-- Problem to work on --
Only lines, not pictures: please repeat exactly the lines from the one with "This creature enters" through the end of the listing.

-- Given records --
=== Begin Enclosure ===
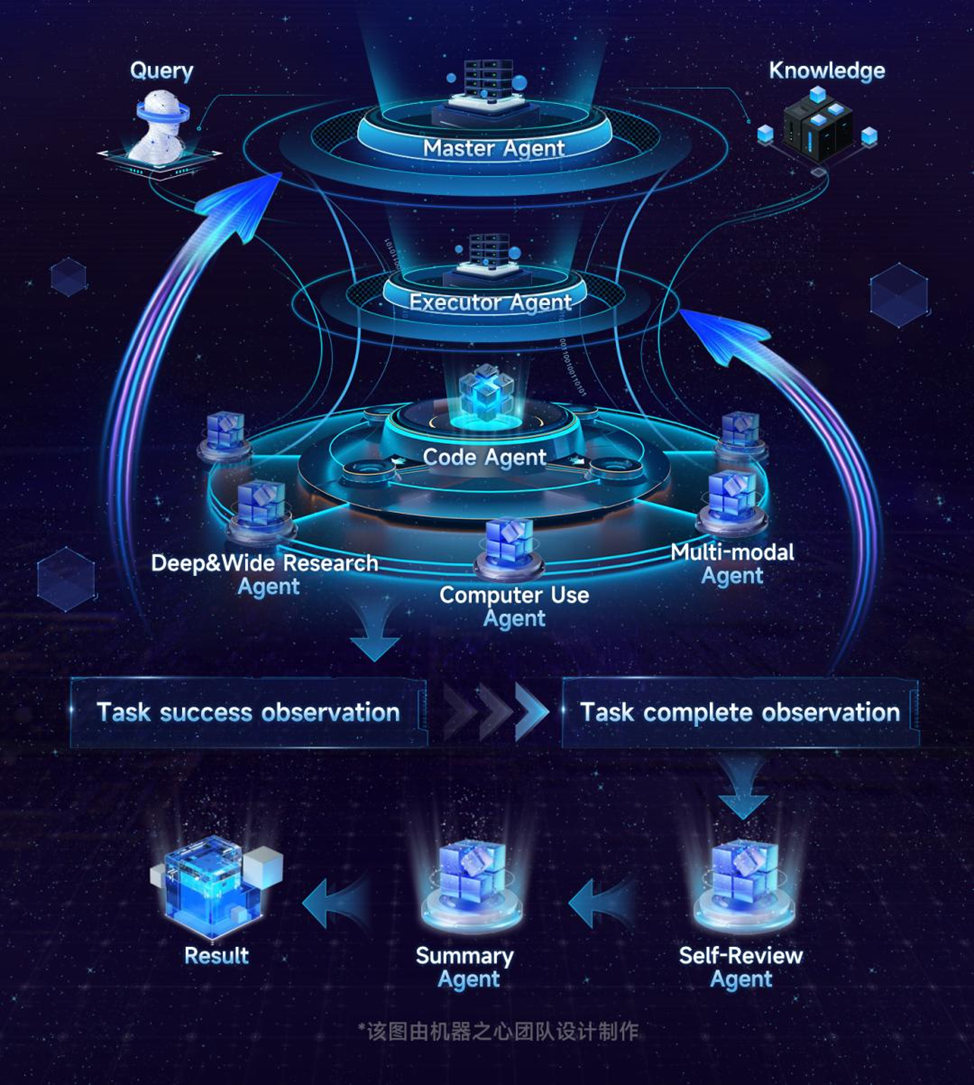 - встроенная внешняя память, механизм самодиагностики и самообучения агентов (self‑evolving modules);
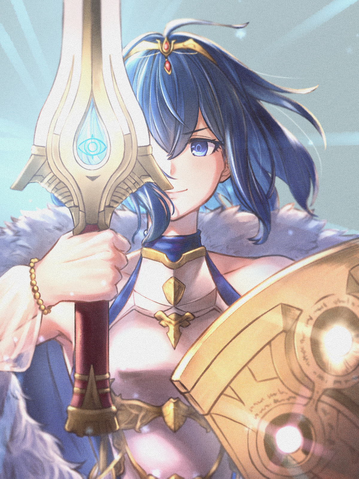 1girl armor bare_shoulders blue_eyes blue_hair fire_emblem fire_emblem_awakening highres holding holding_sword holding_weapon light lucina_(fire_emblem) lucina_(hope-ruling_queen)_(fire_emblem) nintendo sassakntm shield smile sword tiara weapon
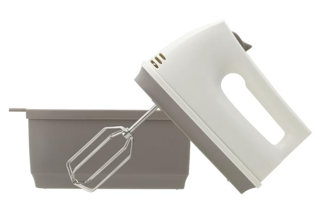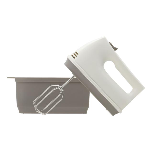 120Wのパワーとメリハリ5段階調節で、スピーディかつ滑らかな泡立てができるハンドミキサーです。機能性はもちろん、淡いグレーとホワイトの色味がおしゃれなレトロモダンデザインで、日々の料理やお菓子作りがもっと楽しくなりそうです。
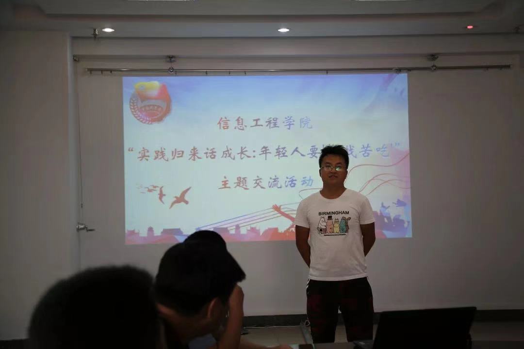 为进一步深化学生知行结合精神,加强学生对“三下乡”实践活动的体会,重拾实践精彩。我院于9月3日晚在电力大楼九楼会议室举行“实践归来话成长:’年轻人要自找苦吃’”主题活动,各分队队员代表到会来分享他们的经验与活动感受。
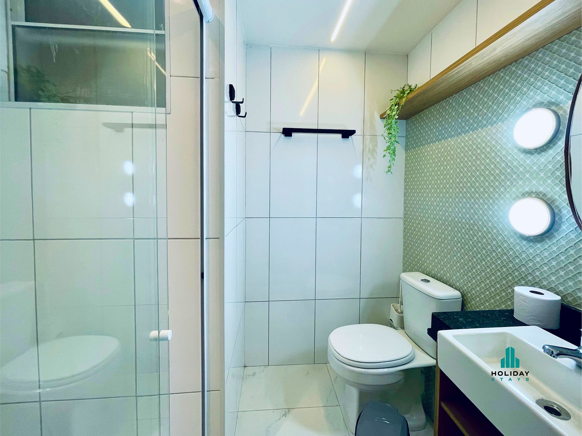Banheiro: Chuveiro quente Secador de cabelo Acabamento moderno e funcional
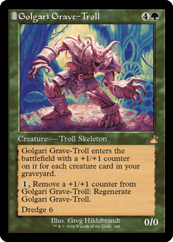 This creature enters with a +1/+1 counter on it for each creature card in your graveyard. {1}, Remove a +1/+1 counter from this creature: Regenerate this creature. Dredge 6 (If you would draw a card, you may mill six cards instead. If you do, return this card from your graveyard to your hand.)
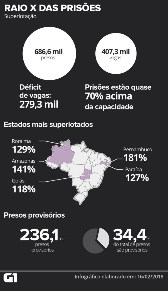 Desde a última reportagem do G1, publicada em janeiro de 2017, foram acrescidas ao sistema 7.952 vagas, número insuficiente para acomodar o total de presos, que ainda cresceu 2,8% em um ano, com 18.412 novos internos.
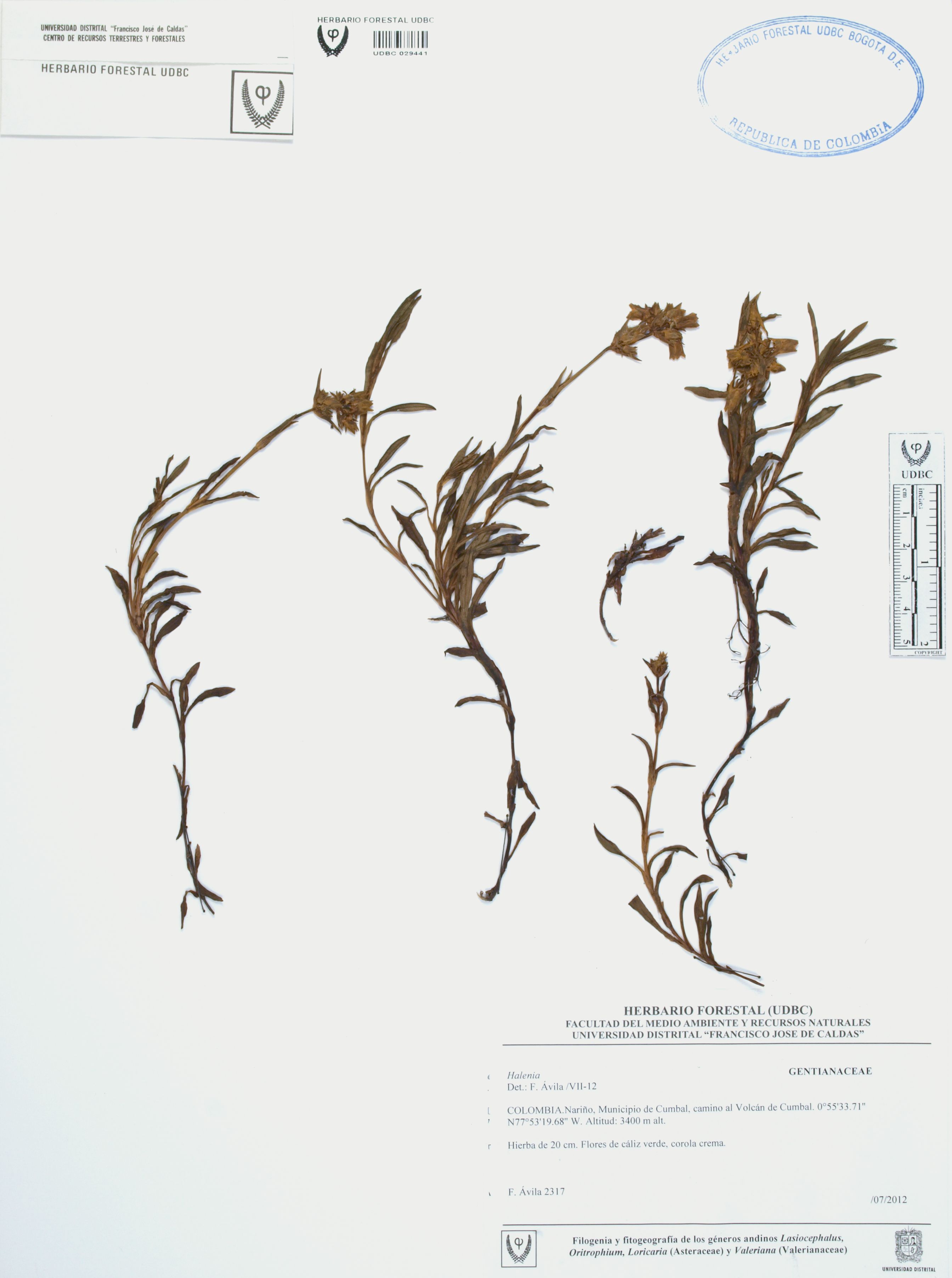 Fotografía del ejemplar Ávila, F. 2317, determinado como Halenia sp. en el año 2012
=== End Enclosure ===
-- Output for this exercise --
 This creature enters with a +1/+1 counter on it for each creature card in your graveyard. {1}, Remove a +1/+1 counter from this creature: Regenerate this creature. Dredge 6 (If you would draw a card, you may mill six cards instead. If you do, return this card from your graveyard to your hand.)
 Desde a última reportagem do G1, publicada em janeiro de 2017, foram acrescidas ao sistema 7.952 vagas, número insuficiente para acomodar o total de presos, que ainda cresceu 2,8% em um ano, com 18.412 novos internos.
 Fotografía del ejemplar Ávila, F. 2317, determinado como Halenia sp. en el año 2012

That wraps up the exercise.